At the end of the day, I'm pretty anxious to see the days of over-priced
routers driving up network service costs go away.

> (...)
> The users each have a unique VLAN (Q-in-Q). The question is, what do I

put

> on those VLANs, if I do not want to put a full IPv4 subnet on each?
>
> My own answer to that is to have the users share a larger subnet, for
> example I could have a full class C sized subnet shared between 253
> users/VLANs.
>
> To allow these users to communicate with each other, and so they can
> communicate with the default gateway IP, I will need proxy arp.
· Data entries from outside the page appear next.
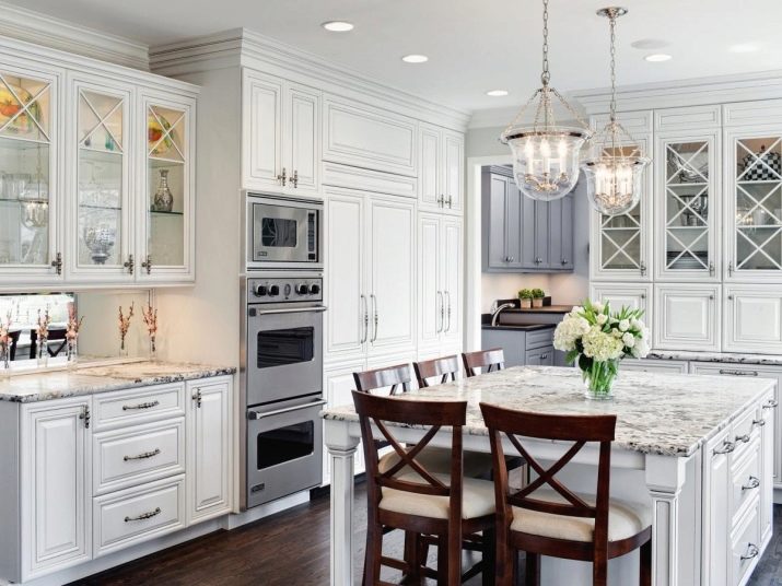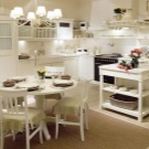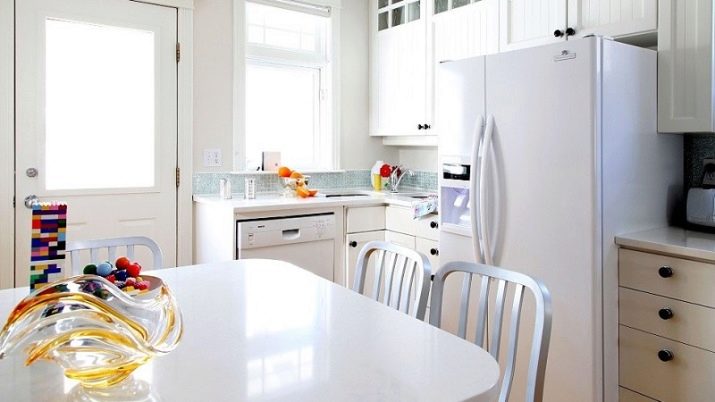 - La facilitat de combinació. La blancor va bé amb els colors pastel, i amb tons foscos contrastats i amb colors vius. Al mateix temps, podeu canviar fàcilment l'estat d'ànim de l'interior afegint-hi altres tons.Els nous tèxtils, accessoris, cadires poden fer que la cuina sigui més brillant o frenada, introdueixi calor a l’ambient o, per contra, frescor freda.
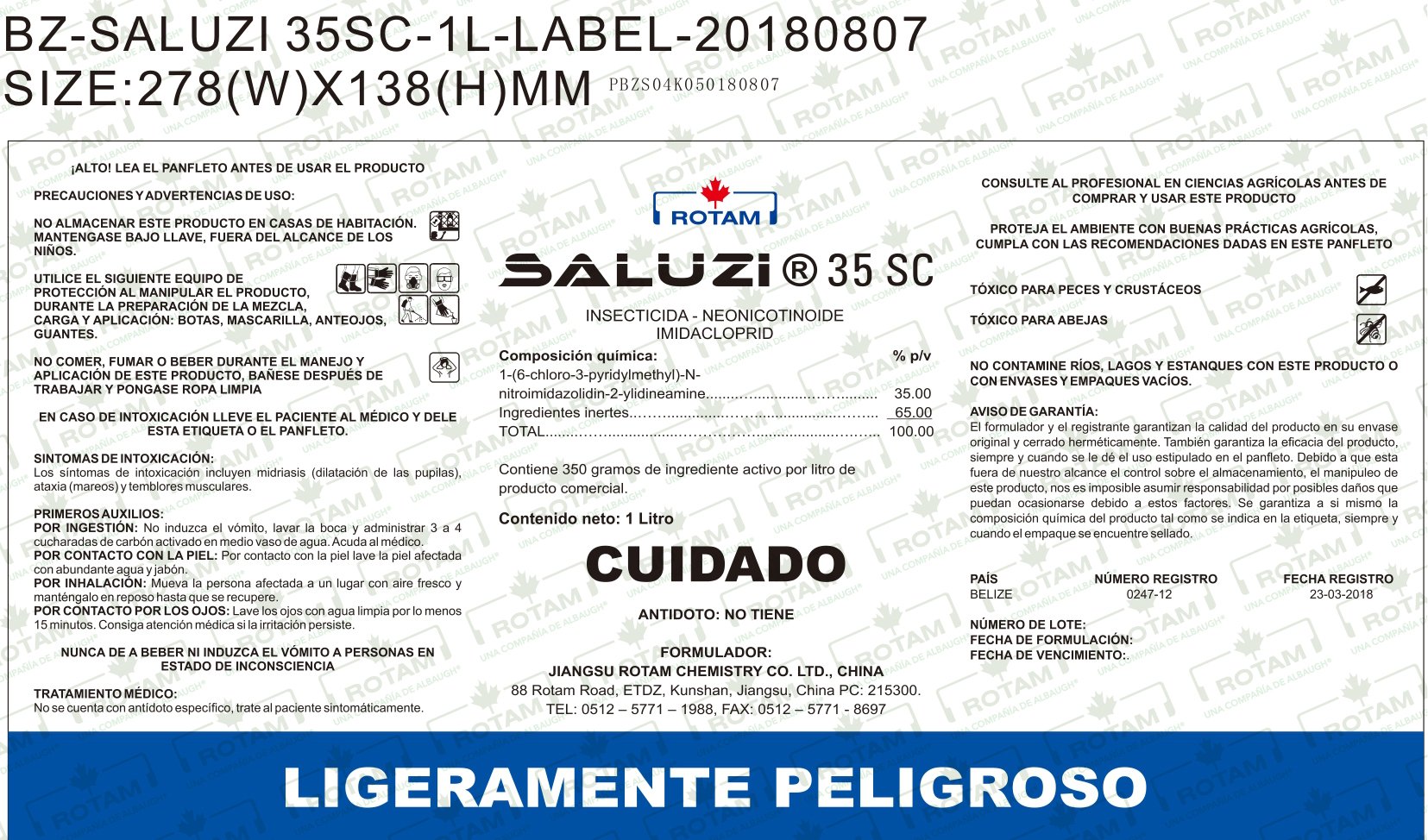 Mode of Action: SALUZI® 35 SC systemic translaminar insecticide works through stomach ingestion and contact action. Plants take imidacloprid easily by the roots, distributing it acropetally for control of pest and soil insects in agricultural crops.
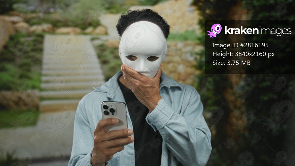 Man in denim shirt holds white mask to face on narrow old town street with smartphone in other hand; anonymity.
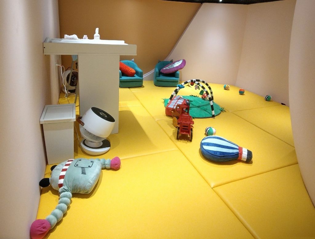 這可說是嫩嬰及媽媽的天堂。這裡除了設置尿布檯,更還提供了尿布及濕紙巾,方便媽咪更換尿布。如果覺得外面的世界怕大孩們踩到嫩嬰,那在這裡也提供一個安全的環境,嫩嬰可以在這裡放心爬行。

And in a
> non-OpenFlow solution, also the associated security functions such as
> DHCP-snooping to prevent hijacking of IP addresses.
>
> Which devices can solve this task?

Hi Baldur,

Assuming you manage 1.1.1.0/24 and 2001:db8:0::/48 and
have a Linux box on both ends you can get rid of
IPv4 and v6 interco subnets and arp proxy the following way:

1/ on the gateway
ip addr add 1.1.1.0/32 dev lo

for all client VLAN "NN" on eth0 :
ip -6 addr add fe80::1/64 dev eth0.NN
ip -6 route add 2001:db8:0:NN00::/56 via fe80::1:NN dev eth0.NN

2/ on user CPE number "NN" CPE WAN interface being eth0 :
ip addr add 1.1.1.NN/32 dev eth0
ip route add 1.1.1.0/32 dev eth0
ip route add default via 1.1.1.0
ip -6 addr add fe80::1:NN/64 dev eth0
ip -6 route add default via fe80::1 dev eth0
# ip -6 addr add 2001:db8:0:NN00::1/56 dev eth0 # optional

Note: NN in hex for IPv6

The trick in IPv4 is that linux by default will answer to ARP requests
for "1.1.1.0" on all interfaces even if the adress is on the loopback.
And in IPv6 use static link local on both ends. You can replace
"1.1.1.0" by any IPv4, but since ".0" are rarely assigned to end users
it doesn't waste anything and keep traceroute with public IPv4.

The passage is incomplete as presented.